In the event of full or partial force majeure, as this term is defined in Article 1218 of the Civil Code, the Seller shall be released from its obligations and liabilities. The following shall be treated as force majeure events: any lock-out, total or partial strike or other industrial action, fire, flooding, physical damage, riots, war, explosion or other serious disruption in production or to the business, IT failure, change in standards or regulations, in particular in the country in which the goods are used, import or export prohibitions, freezing weather conditions or other weather conditions preventing or limiting transport, any interruption to or reduction in supplies or transport, whether these events affect the Seller, its goods, its suppliers or its carriers directly or indirectly, any inability of a manufacturer to supply conforming goods to the Seller, pandemics and epidemics, as well as any event beyond the Seller’s control affecting performance of its obligations.
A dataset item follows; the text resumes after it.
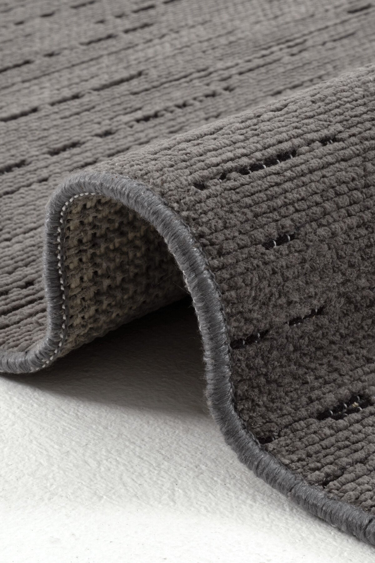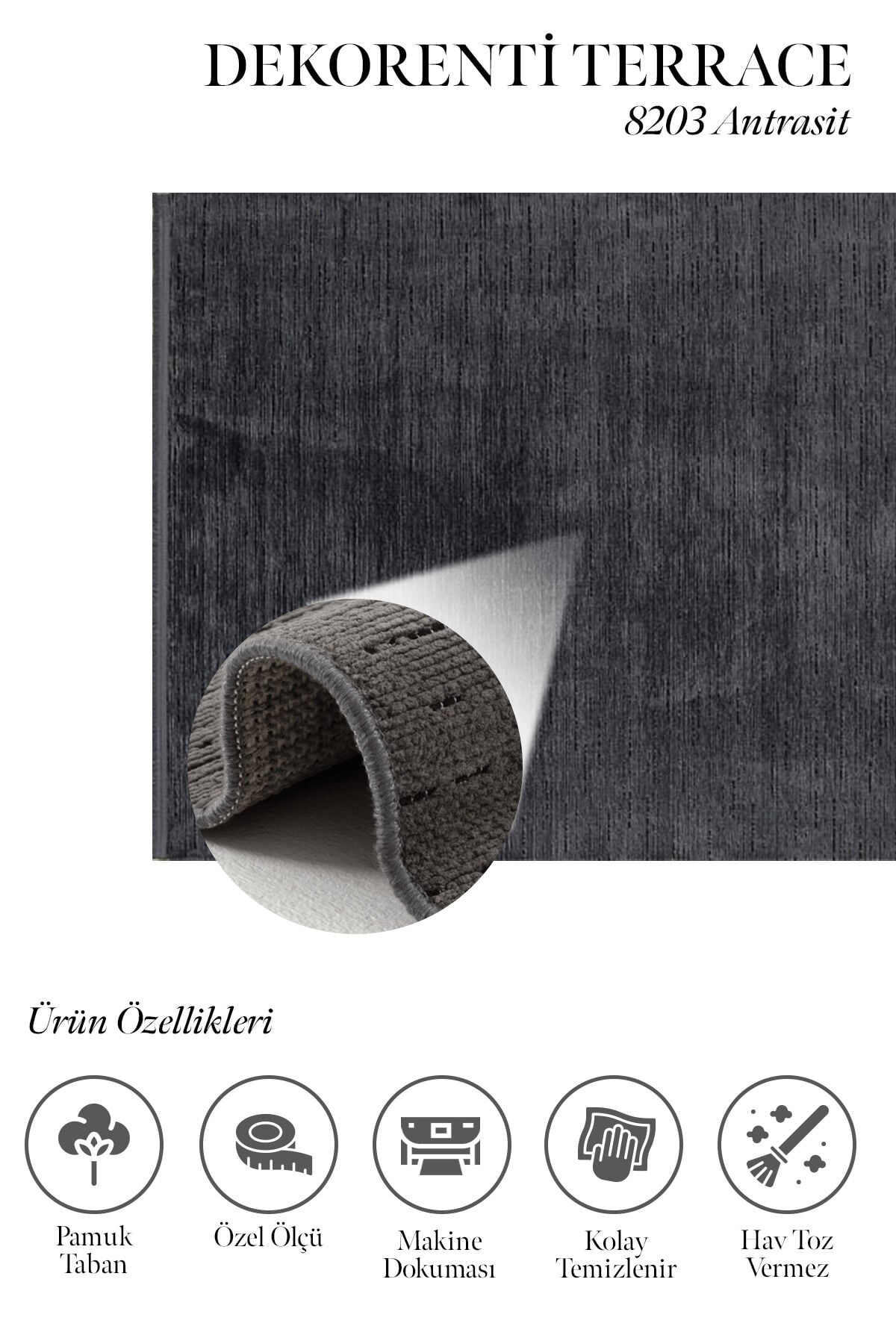 Dekorenti Terrace 8203 Antrasit düz saçak detayı ve yan kenarlardaki sağlam dikiş yapısı, Terrace Serisi’ne modern ve düzenli bir görünüm kazandırırken uzun ömürlü kullanım avantajı sağlar. Ayrıca kolay temizlenebilir yapısı, tozumaz özelliği ve hav-tüy çıkarmayan dokusu sayesinde hem şık hem de kullanışlı bir halı arayanlar için ideal bir seçimdir.

In the event that a force majeure event prevents the Seller from performing its obligations for more than two (2) months, the Seller may cancel all or part of any undelivered orders as of right with no compensation entitlement.

Cancellation clause

In the event of a serious or repeated breach by the Purchaser of one of its obligations, in particular in the event that the Purchaser fails to pay the Seller’s invoices on time, the Seller may as of right cancel the order(s) by any means, fifteen (15) days after formal notice sent by the Seller by any means, including by email, to no effect and even where the said formal notice does not refer to the cancellation, or immediately in the event that the discovered breach cannot be cured, without prejudice to any damages that may be payable to the Seller. The Seller may retain any deposits already paid as minimum damages for any loss it may sustain.

Jurisdiction

 

Any dispute arising between the Seller and the Purchaser shall be decided in accordance with French law (and shall be referred to Vannes Commercial Court, even where multiple defendants, third party claims for indemnity or impleader are involved.